第6話 必殺コンビ技発動! 大魔法で切り拓け、逆転の一撃!
フィールドは、まさに戦場だった。
疾風騎士団の重装騎馬兵が突撃し、馬上からのパス回しと体当たりで健斗たちを押し込む。
観客席からは悲鳴と歓声が入り混じる。
「クソッ……追いつけない……!」
健斗は必死に盗賊スキルで回避し、食らいつくが――馬の突撃力は想像以上だ。
だが、その背後に一人だけ余裕の笑みを浮かべる者がいた。
トマトッツだ。
(もう少しだ……もう少し集めろ……)
杖の先端に紫電のような魔力が渦を巻き、空気が振動し始める。
「健斗!」
トマトッツの声が、雷鳴のように響いた。
健斗は歯を食いしばり、騎馬兵団の密集陣形へと単身突っ込む。
「うおおおおおおおおおッッ!!」
エルヴァの槍が健斗を狙う。
だが、健斗はその槍先を飛び越え、馬の背を蹴り、空へ跳躍――
「今だッ、トマトッツ!!」
「《ヘヴンズ・クラッシュ・テンペスト》ッ!!」
轟音と共に、上空を裂いて魔法陣が十重にも重なる。
青白い稲妻の竜が咆哮をあげ、フィールド全体を覆い尽くす嵐と共に落下する――!
疾風騎士団の馬たちは恐怖でひづめを止め、その瞬間、陣形は完全に崩壊した。
「行けえええええええッ!!」
空中から健斗が一直線に落下し、稲妻の竜の背に乗るようにしてボールを蹴り込む。
蹴撃の瞬間、雷光が弾け――
ドォォォォン!!!
騎馬兵の防壁を貫き、ゴールネットを引き裂く雷の一撃!!
観客席が悲鳴と歓声で揺れ、僧侶の結界が弾け飛ぶほどの衝撃が走った。
「決まった……!」
倒れ込む健斗の背後に、杖を支えながら汗だくのトマトッツが立つ。
エルヴァは土煙の中で、茫然とネットに突き刺さるボールを見つめていた。
「……これが……異世界人の、力か……」
声にならない呟きを残し、エルヴァは馬を引き、撤退の合図を送った。
フィールドに残るのは、雷光の残滓と、勝利の歓声だけ。
トマトッツが疲れ切った顔で、健斗に手を伸ばした。
「立て、相棒。

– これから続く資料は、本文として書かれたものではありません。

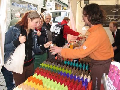 Trinkschokolade in allen Variationen bietet die Münchner Cacao-Gesellschaft: Michael Beck (rechts) lässt Besucher auch schon mal das Schokoladen-Pulver mit Chili kosten, bevor er ihnen eine Tasse mit gewürztem heißen Kakao anrührt.
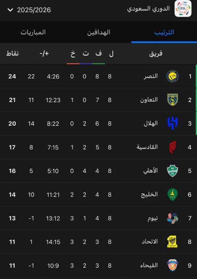 ترتيب الدوري السعودي بعد نهاية الجولة 8 وفوز الأهلي على الاتحاد

お前の速さがなきゃ、俺の魔法も意味がない。」
健斗はにやりと笑い、手を取り立ち上がる。
「お前の魔法がなきゃ、俺の足も無力だ。」
二人の手が固く握られた瞬間、観客席から大歓声が巻き起こった。
雷と影――
最強のコンビが、異世界サッカーに新たな伝説を刻んだ。